According to the Commission, the financial sector is currently ripe for additional taxation, and has played a major role in causing serious economic problems recently. The FTT should therefore ensure that the financial sector makes a fair contribution to public finances, and partly compensates the public costs of dealing with the recent economic crisis. Additionally, the application of the “too big to fail” policy by governments has resulted in the creation of incentives for transactions that do not enhance efficiency, thus making the financial market more aggressive than is natural and desirable.
The evolution of this project started in 2010, right after the end of the worst economic impact of the US financial crisis. In 2011, the Commission proposed to introduce the FTT throughout the EU. The proposal did not receive full support from the EU 27; neither was there a possibility for a unanimous agreement in the foreseeable future. For this reason, 11 EU Member States (FTT jurisdictions) decided to take action by requesting that the Commission (Council) authorize the introduction of the FTT among themselves via a form of enhanced cooperation under Article 329 of the Treaty of the Functioning of the European Union (TFEU). In the Council´s decision 2013/52/EU (Council Decision), the cooperation was blessed.
As you may have heard, the United Kingdom launched a legal claim against the FTT over one year ago. Since there is not any FTT EU Directive in place yet, the action was aimed at the Council Decision. The main plea concerned a claimed infringement of Article 327 of the TFEU, on the basis of which any enhanced cooperation shall respect the competencies of those Member States of the EU which are not part of such enhanced cooperation (i.e. the UK). The UK challenged the illegal extra-territorial taxation effects of the FTT on the basis of the “the counterparty principle” and “issuance principle”.
The Court of Justice of the European Union swiftly dismissed the UK´s claim due to its pre-matureness, however it did not cast any doubt on the merits of the arguments used by the UK in the claim. Obviously, the UK must have known that legal action could be considered to be premature, since the action was aimed at the Council Decision, which does not deal with any constituent elements of the contemplated FTT. We can therefore assume that the UK might have brought this action as a precaution, in order to confirm that a subsequent legal challenge is possible. Had the UK not adopted such an approach, it could have been prohibited to launch any claim once a FTT EU Directive will be established.

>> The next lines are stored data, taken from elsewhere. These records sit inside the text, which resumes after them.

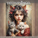 This delicate design showcases an elegant young woman with cat ears, dressed in a flowing red gown. She lovingly holds two adorable cats in her arms, exuding grace and charm. The artwork’s refined details and harmonious composition make it a perfect choice for sophisticated decoupage projects.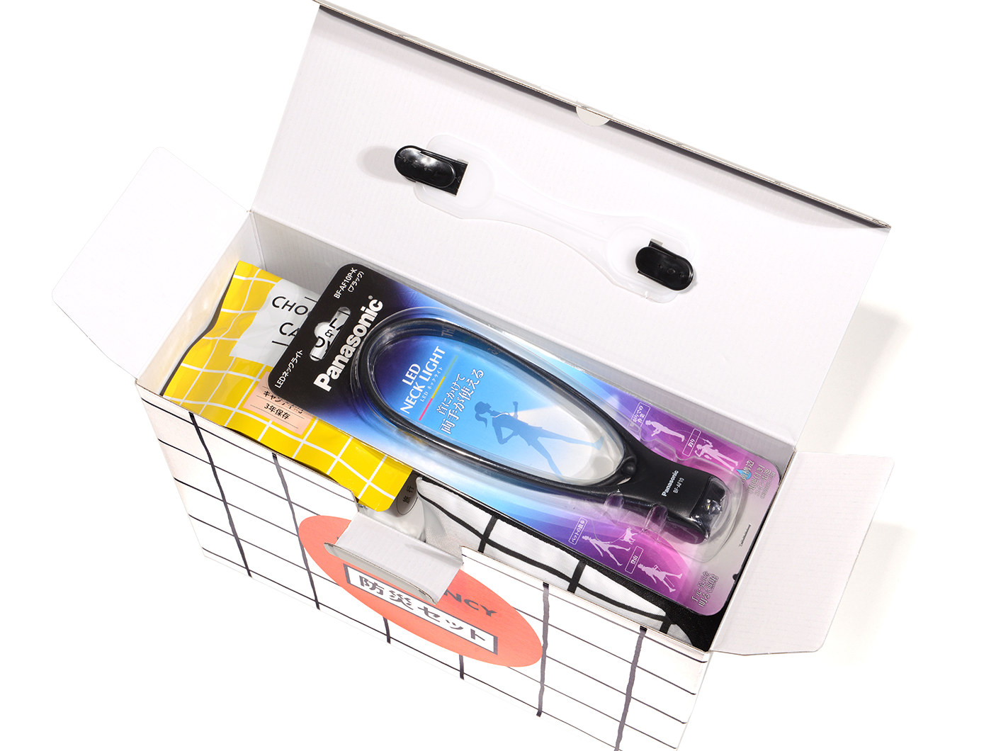 中には基本の防災グッズのほか、避難用に個人がそれぞれ必要なものを持ち出せるように
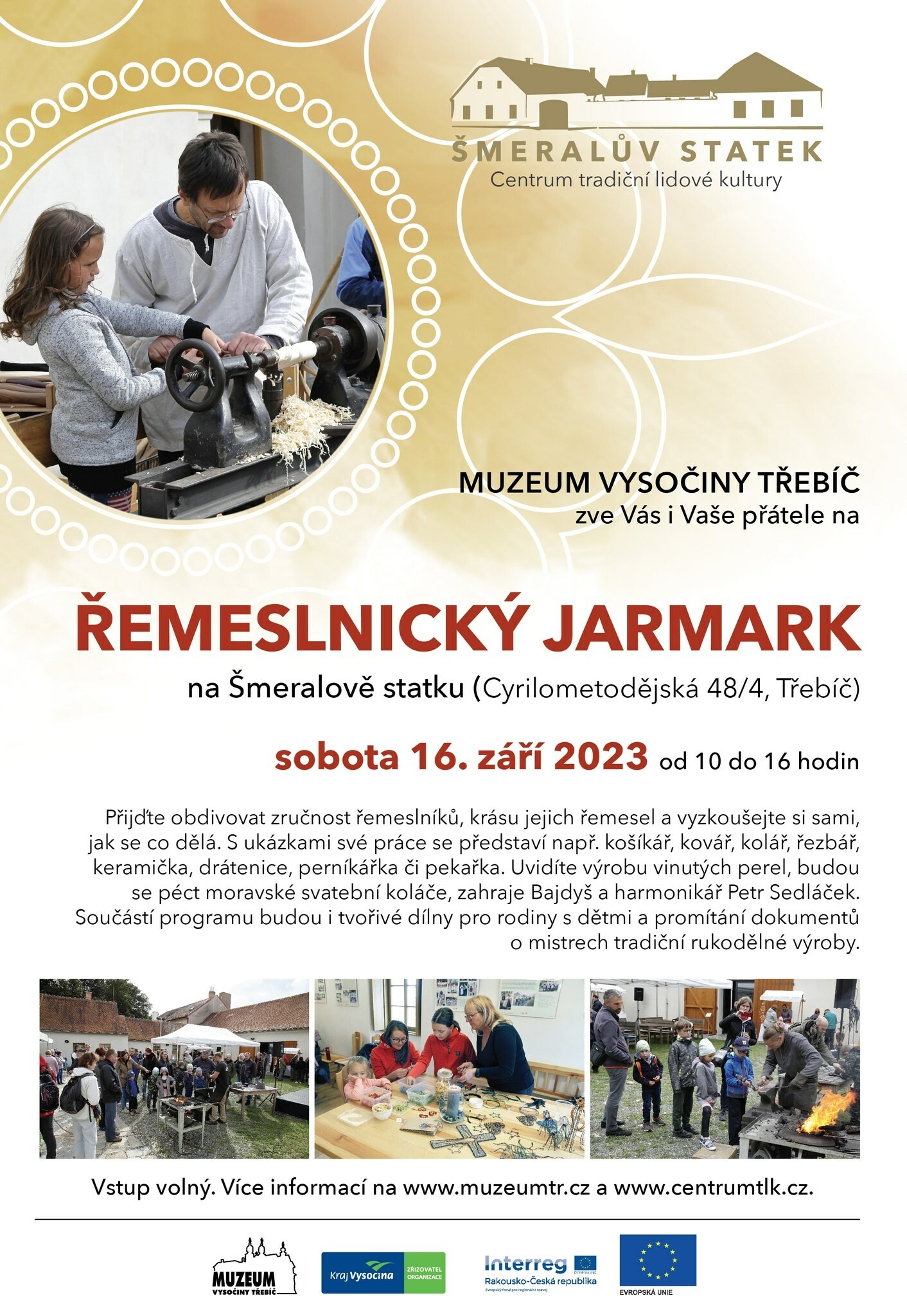 V sobotu 16. září přijďte od 10 do 16 hodin obdivovat zručnost řemeslníků, krásu jejich řemesel a vyzkoušejte si sami, jak se co dělá.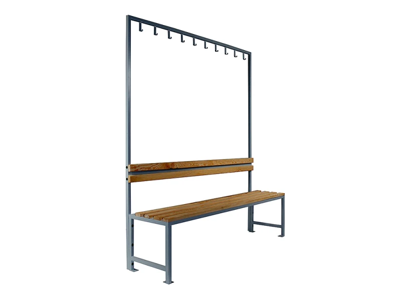 - 8 single metal hooks (in benches 1500 wide),

The latest version of the FTT EU Directive proposal from 2013 suggests taxing securities trading by 0.1% of the market price and derivatives agreements, and “financial-market best” by 0.01% of the underlying nominal or face amount, which is used to calculate payments made on a given derivative contract. These are the lowest possible rates that can be fixed upwards by each FTT jurisdiction individually. In both cases, the FTT should be paid by the financial institutions involved. As a general rule, if at least one party to the financial transaction is established in the territory of any FTT jurisdiction and that a financial institution established in the territory of any FTT jurisdiction is party to the transaction (acting either for its own account or for the account of another person, or is acting in the name of a party to the transaction), such a transaction is subject to the FTT.
The so-called “counter-party principle” applies, which means that a financial institution from a non-FTT jurisdiction is deemed to be established in a FTT jurisdiction provided that it is party to a transaction with a party or another financial institution established in a FTT jurisdiction. Additionally, if none of the parties/financial institutions to the transaction are established in a FTT jurisdiction, but the product or one of the financial instruments has been issued in the FTT jurisdiction (“issuance principle”), FTT takes place. On this note, please find below some examples.
- A Slovak insurance company purchases shares from a Czech bank. FTT is due in Slovakia and the Czech Republic at national rates.
- A US fund sells Slovak bonds to a Chinese bank. FTT is due in Slovakia as both financial institutions are regarded as being established in Slovakia for FTT purposes.
- An Austrian fund manager manages a portfolio of securities for a Slovak client and purchases UCITS established in France. FTT is due both in Austria and in France.
In closing, let me just share with you some other Commission´s mottos about the FTT: “Those who want to serve the EU 11 market will have to pay the FTT!” or “EU 11 is too big a market for not being served by financial institutions.”